Alpha-ketoglutarate dehydrogenase complex-dependent succinylation of proteins in neurons and neuronal cell lines.

作者信息

Gibson Gary E, Xu Hui, Chen Huan-Lian, Chen Wei, Denton Travis T, Zhang Sheng

机构信息

Brain and Mind Research Institute, Weill Cornell Medical College, Burke Medical Research Institute, White Plains, New York, USA.

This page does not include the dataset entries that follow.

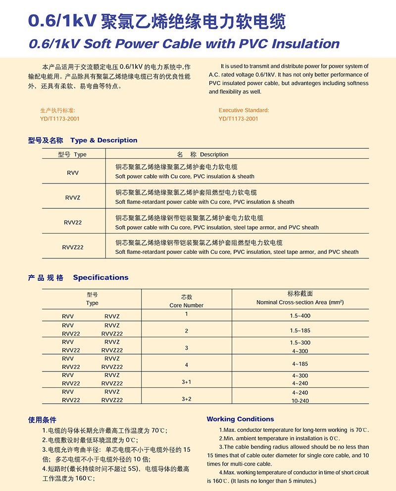 0.6/1KV聚氯乙烯J緣電力軟電纜
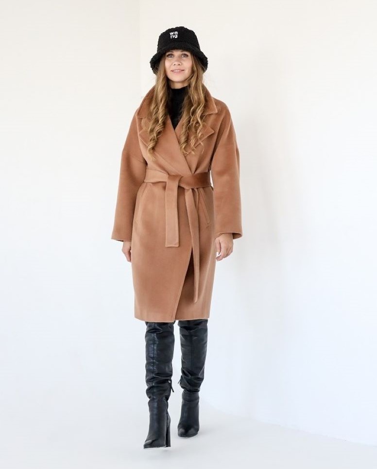 Прямой свободный силуэт, в стиле пальто-халат, без застежки, фиксируется поясом из основной ткани, по спинке на плече стильная вышивка металлизированной ниткой, сзади шлица
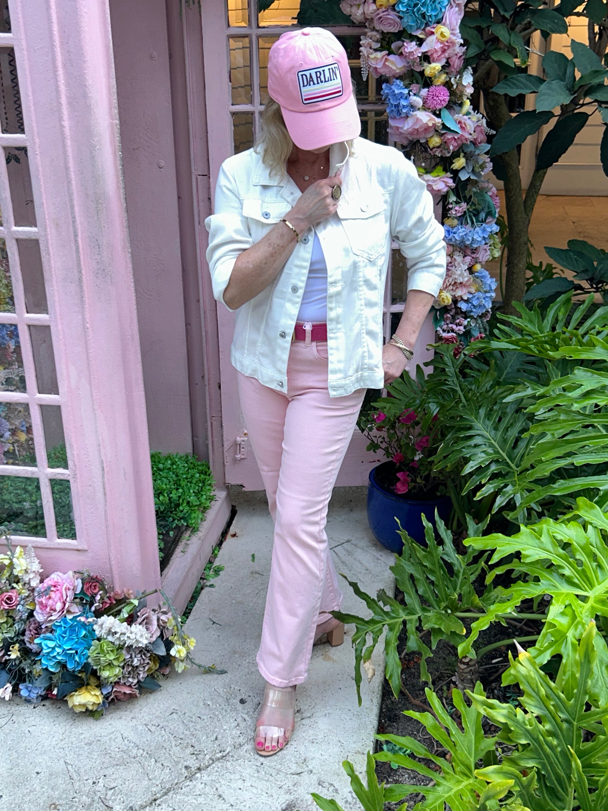 Add a touch of designer-inspired flair to your wardrobe with our Toile Scarf Jacket. This lightweight denim jacket boasts a stylish blush pink toile print and silk embellishments on the back and collar. Stand out in style with this unique and chic jacket.
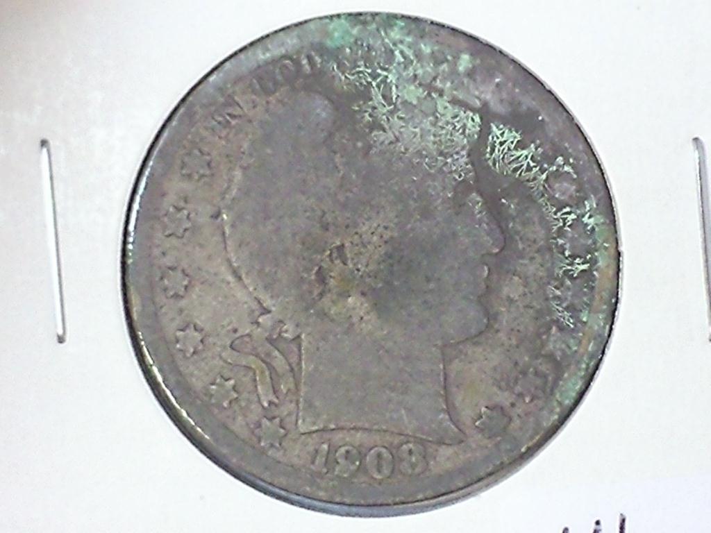 1908-D BARBER HALF DOLLAR (GREEN VERDIGRIS)
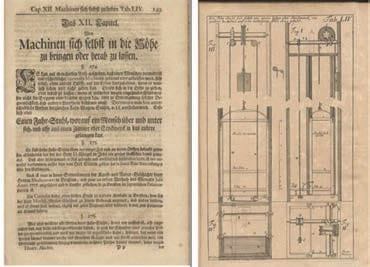 However, the transportation of people was limited to a few individual cases. The first reports on this can be found in Jacob Leupold’s book Theatrum Machinarium, published in 1725. Chapter XII “Machines to raise or lower themselves” reports on the “Fahr-Stuhl” (“Elevator”) of Mr. D. Weigel (1667) in Jena, Germany, which caused a “great sensation,” but of which there are unfortunately no records or descriptions. It also mentions a “chair” by the master model maker Gärthner from Dresden, Germany, which he used “daily with great comfort” both for going down and going up. Also of interest in this book are the description and illustration of a:
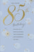 This sophisticated birthday card from UK Greetings features a charming pale blue tone. With the message, "85th" in bold gold writing, it offers an elegant and lighthearted way to celebrate this special milestone.
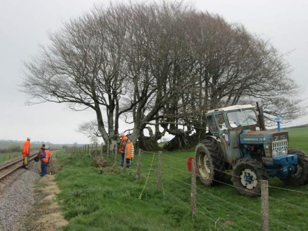 3. Martyn Budd's tractor with the generator in the rear bucket was providing the electricity for the nut runners helping to speed up the job. Down at the beech trees already...
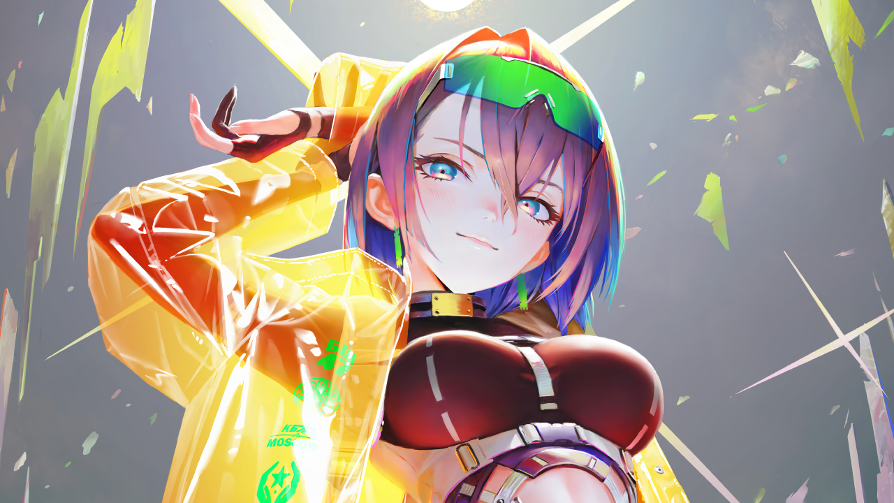 动漫、女孩、黄色雨衣、眼镜、裁剪
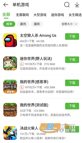 2、点击“单机”选项,挑选自己心仪的内容,点击其后方的“下载”按钮,就能下载到手机上,开始畅玩啦。
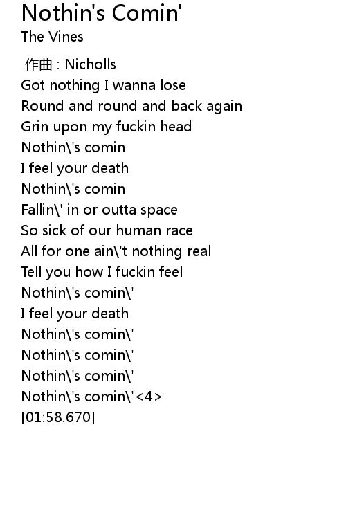 | [01:37.670] | Nothin\'s comin\'<4> |
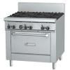 Плита газовая с 6-ю конфорками, с 1 жарочным шкафом. Размеры рабочей поверхности – 900х686 мм. Внутренние размеры шкафа – 667х660х330 мм. Температура шкафа регулируется термостатом до +260С. Мощность одной конфорки – 7610Вт. Мощность духовки - 11130Вт. Каждая конфорка имеет съемную чугунную решетку размером 305х345мм, защиту от прекращения подачи газа, электро-поджиг. Каждая рабочая секция шириной 305 мм оснащена съёмным жиросборником. Вдоль конфорок располагается нейтральная поверхность для посуды, шириной 127 мм, из нержавеющей стали. Внутренняя поверхность шкафа полностью покрыта фарфоровой эмалью. Никелированные съемные боковые решетки с направляющими позволяют устанавливать полки-решетки в 3 положениях. Шкаф комплектуется 1 никелированной полкой-решеткой. Ручка духового шкафа жаропрочная и холодная на ощупь. Лицевая и боковые стороны плиты, дверца духовки, задний борт высотой 238мм изготовлены из нержавеющей стали. Ножки плиты высотой 152мм изготовлены из нержавеющей стали и рег
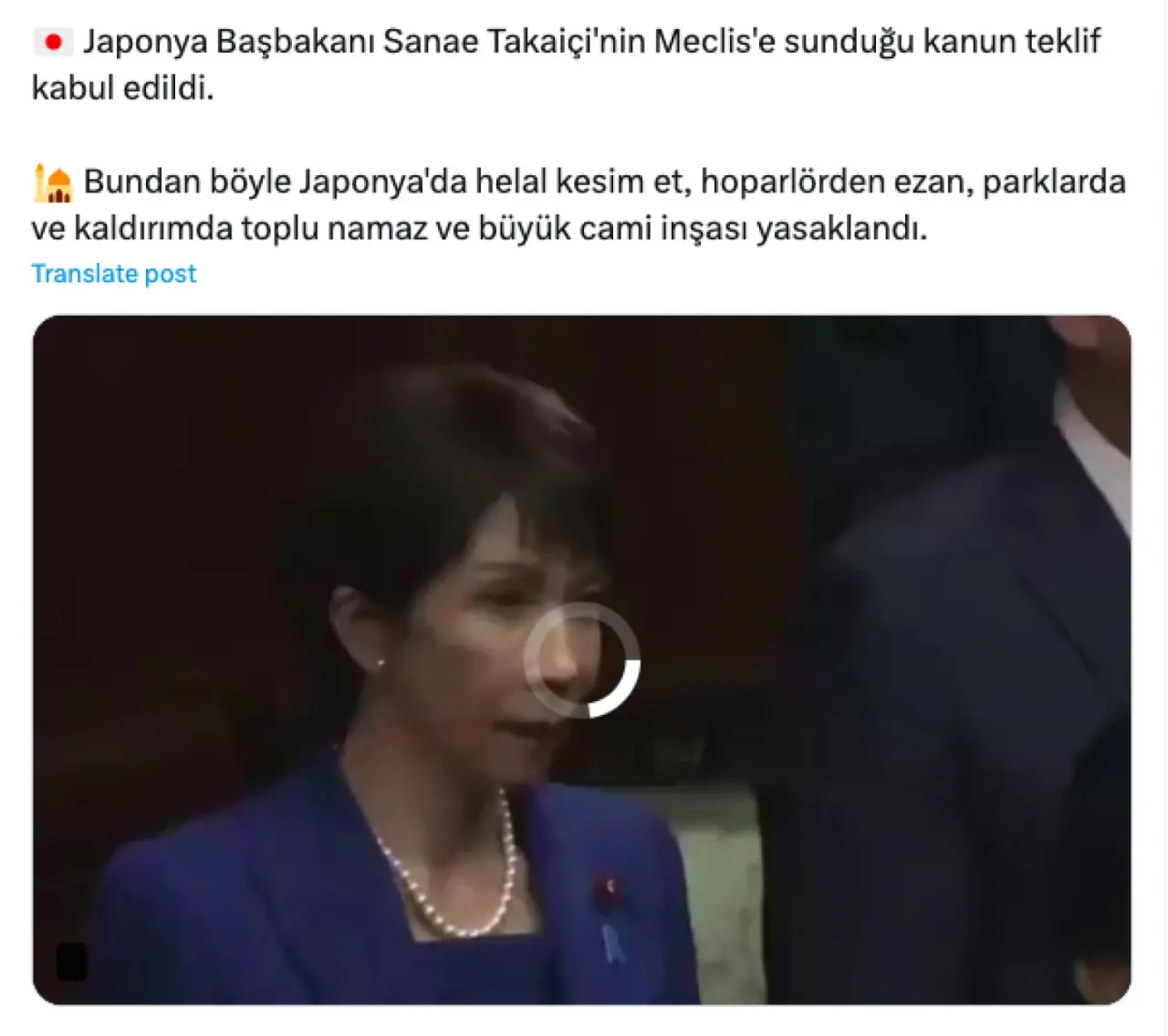 Sosyal medyada 16 Şubat 2026 tarihinde paylaşılan bir gönderide, Japonya’da helal kesim etin, hoparlörden ezan okunmasının, park ve kaldırımlarda toplu namaz kılınmasının ve büyük cami inşa edilmesinin yasaklandığı öne sürüldü. İddia, Japonya Parlamentosu’na ait olduğu belirtilen bir video ile desteklendi.
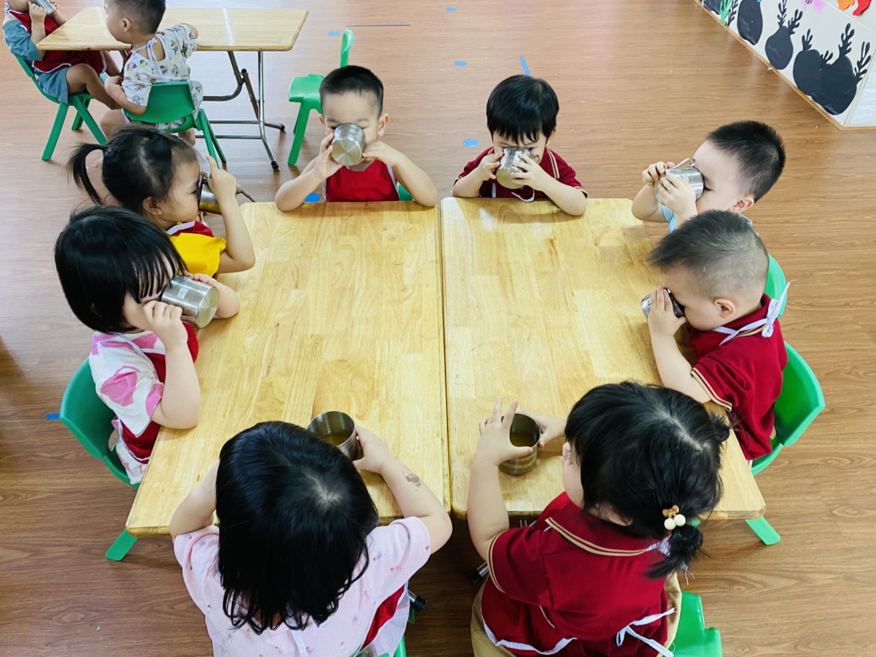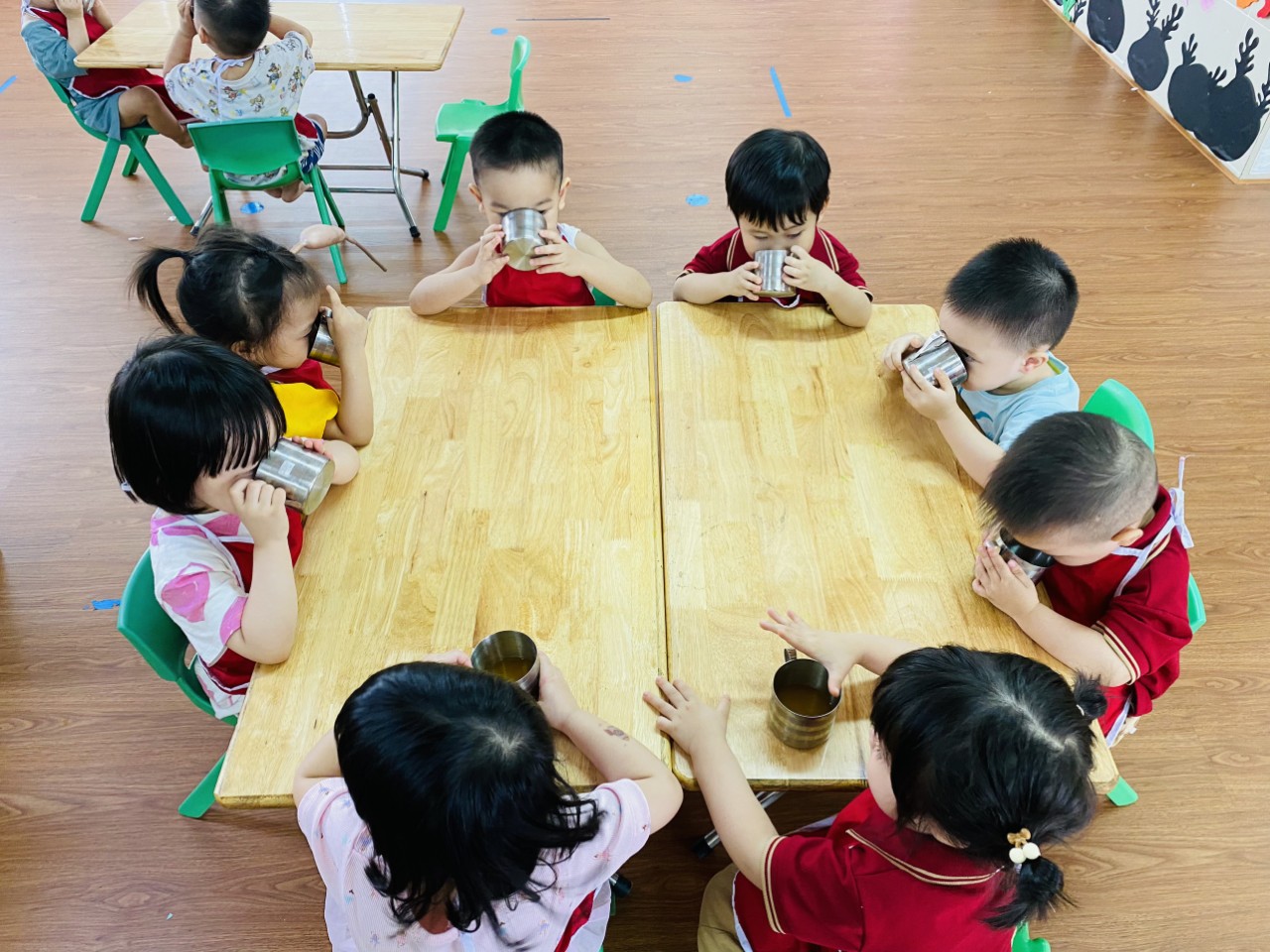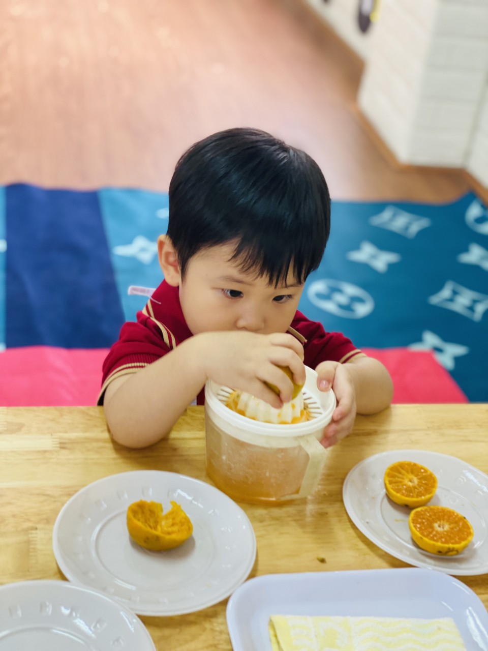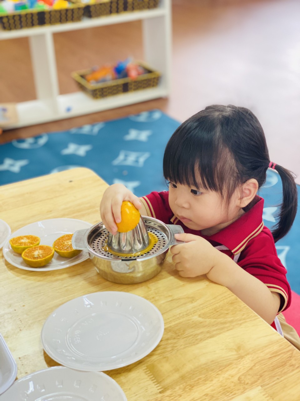 ✨Các bé được cô giáo hướng dẫn cụ thể từng kỹ năng cầm, xoay để vắt cam sao cho ra hết nước trong miếng cam và cùng thưởng thức cốc nước cam thơm ngon bổ dưỡng.

Proteomics and Mass Spectrometry Facility, Institute of Biotechnology, Cornell University, Ithaca, New York, USA.

出版信息

J Neurochem. 2015 Jul;134(1):86-96. doi: 10.1111/jnc.13096. Epub 2015 Apr 8.

DOI:10.1111/jnc.13096
PMID:25772995
原文链接:https://pmc.ncbi.nlm.nih.gov/articles/PMC4472501/
Abstract

Reversible post-translation modifications of proteins are common in all cells and appear to regulate many processes. Nevertheless, the enzyme(s) responsible for the alterations and the significance of the modification are largely unknown. Succinylation of proteins occurs and causes large changes in the structure of proteins; however, the source of the succinyl groups, the targets, and the consequences of these modifications on other proteins remain unknown. These studies focused on succinylation of mitochondrial proteins. The results demonstrate that the α-ketoglutarate dehydrogenase complex (KGDHC) can serve as a trans-succinylase that mediates succinylation in an α-ketoglutarate-dependent manner. Inhibition of KGDHC reduced succinylation of both cytosolic and mitochondrial proteins in cultured neurons and in a neuronal cell line. Purified KGDHC can succinylate multiple proteins including other enzymes of the tricarboxylic acid cycle leading to modification of their activity. Inhibition of KGDHC also modifies acetylation by modifying the pyruvate dehydrogenase complex. The much greater effectiveness of KGDHC than succinyl-CoA suggests that the catalysis owing to the E2k succinyltransferase is important. Succinylation appears to be a major signaling system and it can be mediated by KGDHC. Reversible post-translation modifications of proteins are common and may regulate many processes. Succinylation of proteins occurs and causes large changes in the structure of proteins. However, the source of the succinyl groups, the targets, and the consequences of these modifications on other proteins remains unknown. The results demonstrate that the mitochondrial α-ketoglutarate dehydrogenase complex (KGDHC) can succinylate multiple mitochondrial proteins and alter their function. Succinylation appears to be a major signaling system and it can be mediated by KGDHC.

摘要

蛋白质的可逆翻译后修饰在所有细胞中都很常见,并且似乎调节着许多过程。然而,负责这些改变的酶以及修饰的意义在很大程度上尚不清楚。蛋白质的琥珀酰化会发生,并导致蛋白质结构发生巨大变化;然而,琥珀酰基团的来源、靶点以及这些修饰对其他蛋白质的影响仍然未知。这些研究聚焦于线粒体蛋白质的琥珀酰化。结果表明,α-酮戊二酸脱氢酶复合体(KGDHC)可以作为一种转琥珀酰酶,以α-酮戊二酸依赖的方式介导琥珀酰化。抑制KGDHC会降低培养神经元和神经元细胞系中胞质和线粒体蛋白质的琥珀酰化。纯化的KGDHC可以使多种蛋白质发生琥珀酰化,包括三羧酸循环的其他酶,从而导致其活性发生改变。抑制KGDHC还会通过修饰丙酮酸脱氢酶复合体来改变乙酰化。KGDHC比琥珀酰辅酶A的作用效率高得多,这表明E2k琥珀酰转移酶的催化作用很重要。琥珀酰化似乎是一个主要的信号系统,并且可以由KGDHC介导。蛋白质的可逆翻译后修饰很常见,可能调节许多过程。蛋白质的琥珀酰化会发生,并导致蛋白质结构发生巨大变化。然而,琥珀酰基团的来源、靶点以及这些修饰对其他蛋白质的影响仍然未知。结果表明,线粒体α-酮戊二酸脱氢酶复合体(KGDHC)可以使多种线粒体蛋白质发生琥珀酰化并改变其功能。琥珀酰化似乎是一个主要的信号系统,并且可以由KGDHC介导。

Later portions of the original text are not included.